수학식 5에서, C는 채널의 개수를 의미한다.In Equation 5, C means the number of channels.

태스크 손실(1250)과 콘텍스트 손실(1260)에 기초해서 신경망(1200)에서의 최종 손실(1270)이 계산된다. 어떤 실시예에서, 최종 손실(1270)은 신경망(1200)에 포함되는 콘텍스트 손실(1260)의 합과 태스트 손실(1250)에 기초해서 계산될 수 있다. 예를 들면, 최종 손실(1270)은 수학식 6과 같이 계산될 수 있다.The final loss 1270 in the neural network 1200 is calculated based on the task loss 1250 and the context loss 1260. In some embodiments, the final loss 1270 may be calculated based on the sum of the context loss 1260 included in the neural network 1200 and the task loss 1250. For example, the final loss 1270 may be calculated as in Equation 6.

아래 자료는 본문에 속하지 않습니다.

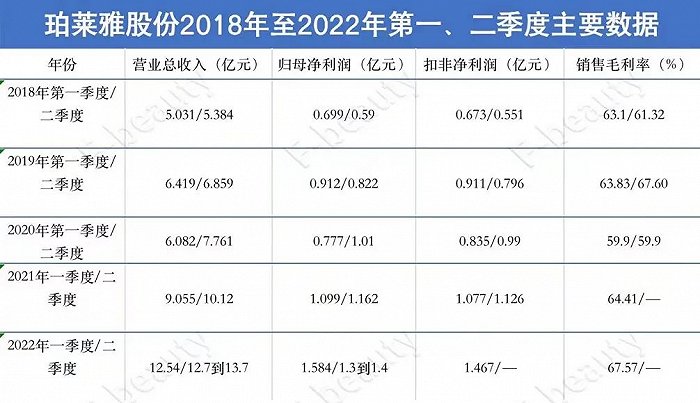 珀莱雅刚刚发布的第二季度主要经营数据显示,销售势头持续向好。经初步核算,2022年第二季度,公司营业总收入在12.7亿元至13.7亿元之间,同比增长25%至35%;实现归属于上市公司股东的净利润约为1.3亿元到1.4亿元之间,同比增长15%至22%。
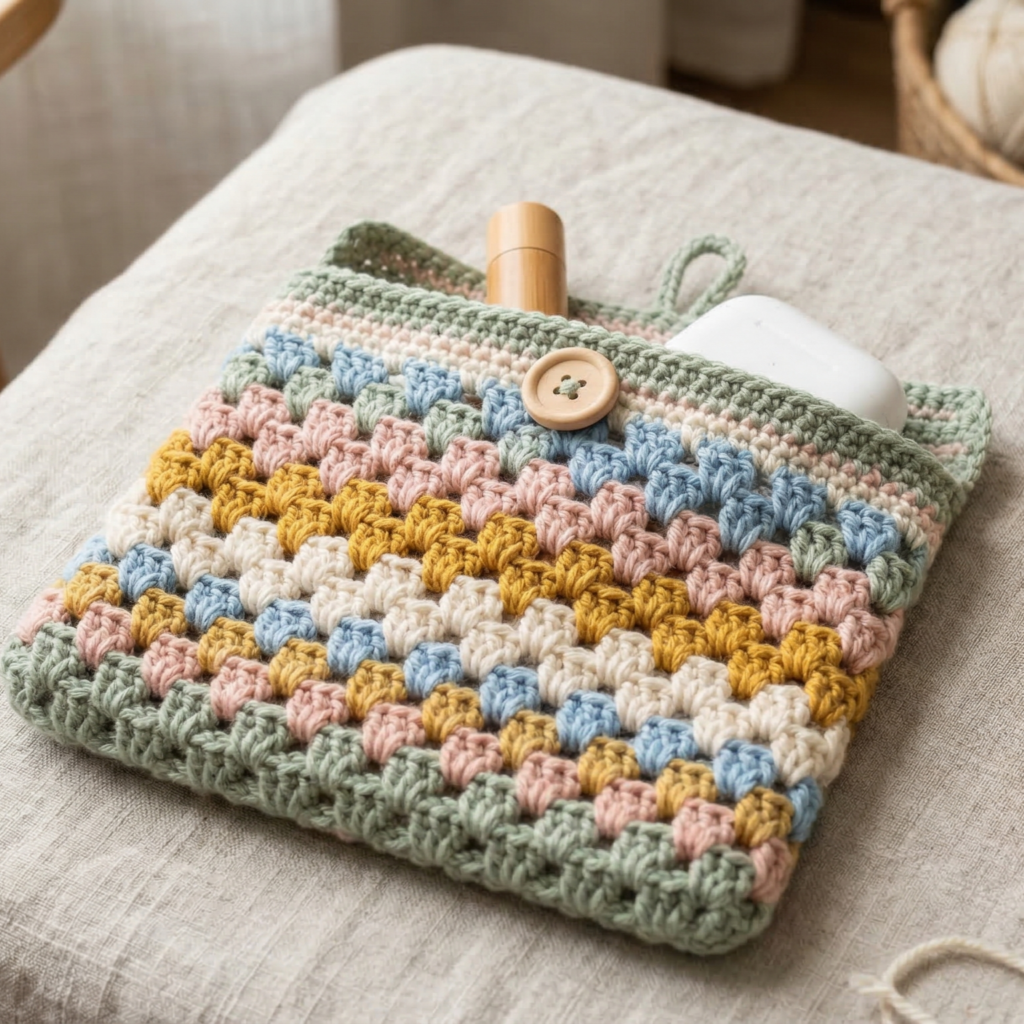 A granny stitch pouch is a practical scrap yarn project that can hold makeup, earbuds, stationery, or small crochet tools. It looks cheerful with striped rows and is easy to adapt.

수학식 6에서, l_fin은 최종 손실을 나타내고, l_task는 태스크 손실을 나타내고, λ는 콘텍스트 손실의 효과를 제어하기 위한 상수이며, K_m과 Q_m은 신경망의 m번째 콘텍스트 모듈에서 생성되는 영역 특징 벡터를 나타내고, M는 신경망에 포함되는 콘텍스트 모듈의 개수를 나타낸다(M은 1 이상의 정수).In Equation 6, l _fin represents the final loss, l _task represents the task loss, λ is a constant for controlling the effect of the context loss, and K _m and Q _m are regions created in the m-th context module of the neural network Represents a feature vector, and M represents the number of context modules included in the neural network (M is an integer greater than or equal to 1).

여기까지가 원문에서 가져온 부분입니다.